A faithful transcript of all the lines below, with no pictures, is the goal here.

--- Recorded data ---

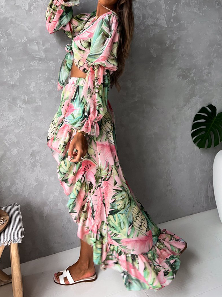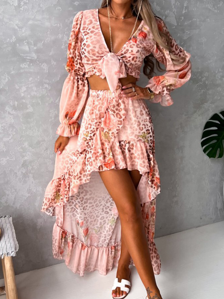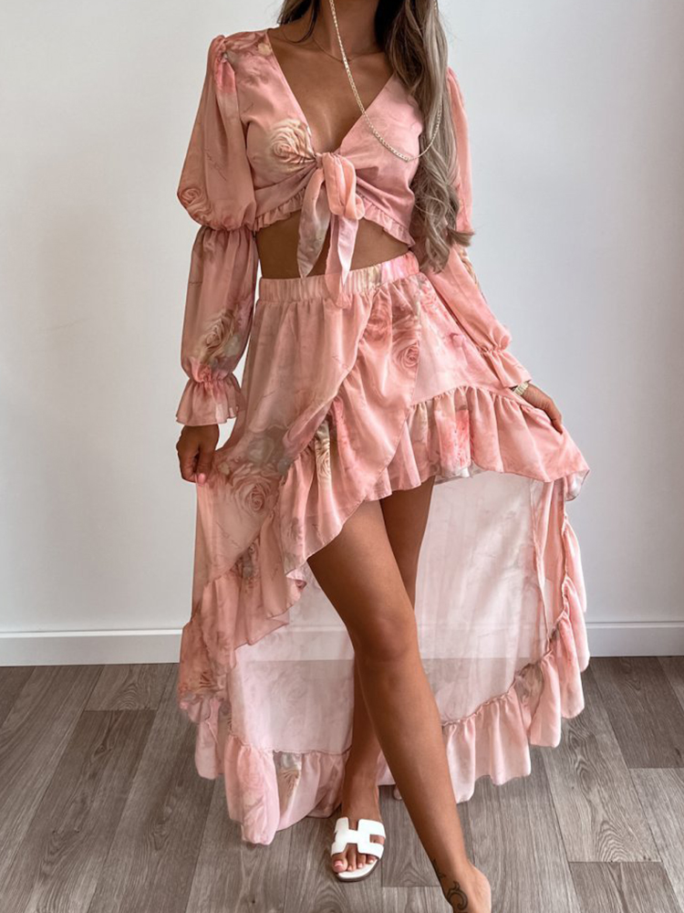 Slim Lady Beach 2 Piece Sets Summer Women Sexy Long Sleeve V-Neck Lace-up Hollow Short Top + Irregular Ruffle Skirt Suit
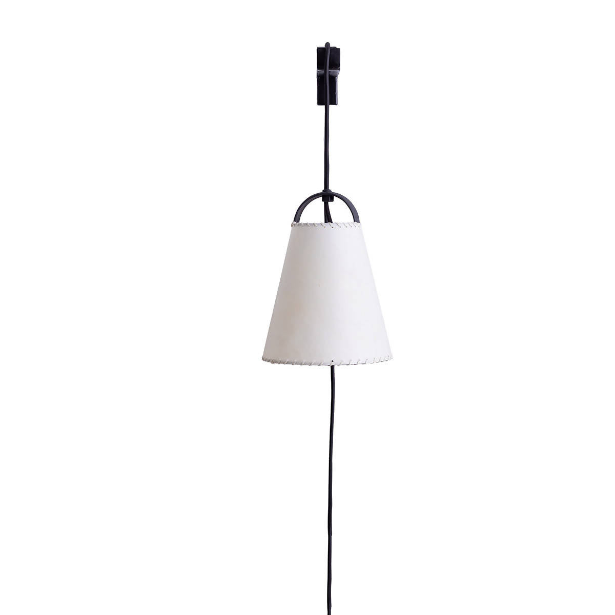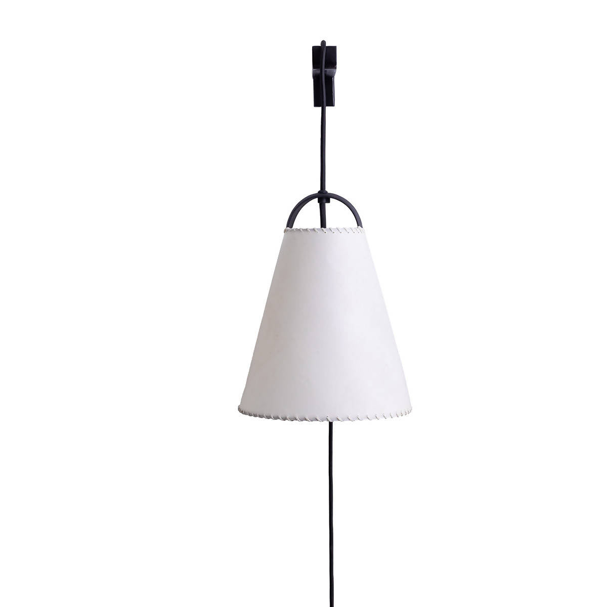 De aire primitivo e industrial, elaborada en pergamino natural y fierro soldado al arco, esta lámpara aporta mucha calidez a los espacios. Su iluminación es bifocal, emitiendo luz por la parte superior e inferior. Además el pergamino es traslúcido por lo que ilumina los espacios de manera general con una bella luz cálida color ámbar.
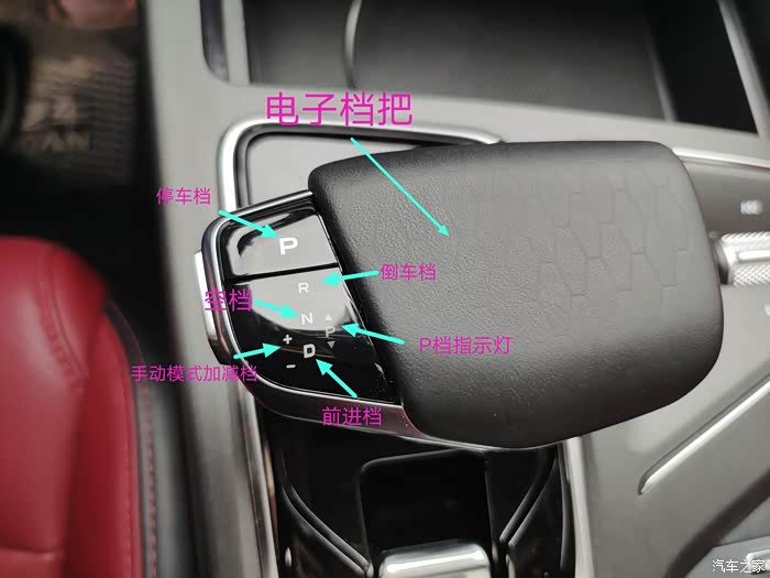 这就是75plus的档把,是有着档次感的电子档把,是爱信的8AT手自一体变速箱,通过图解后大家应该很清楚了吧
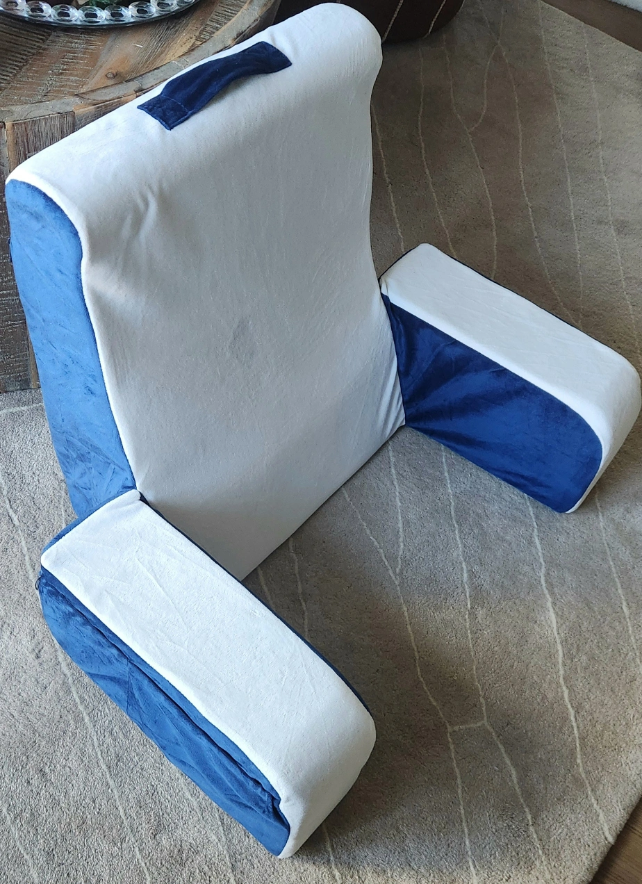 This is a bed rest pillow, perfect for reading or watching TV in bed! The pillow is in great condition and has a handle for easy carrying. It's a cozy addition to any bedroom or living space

---

* Your solution:
 Slim Lady Beach 2 Piece Sets Summer Women Sexy Long Sleeve V-Neck Lace-up Hollow Short Top + Irregular Ruffle Skirt Suit
 De aire primitivo e industrial, elaborada en pergamino natural y fierro soldado al arco, esta lámpara aporta mucha calidez a los espacios. Su iluminación es bifocal, emitiendo luz por la parte superior e inferior. Además el pergamino es traslúcido por lo que ilumina los espacios de manera general con una bella luz cálida color ámbar.
 这就是75plus的档把,是有着档次感的电子档把,是爱信的8AT手自一体变速箱,通过图解后大家应该很清楚了吧
 This is a bed rest pillow, perfect for reading or watching TV in bed! The pillow is in great condition and has a handle for easy carrying. It's a cozy addition to any bedroom or living space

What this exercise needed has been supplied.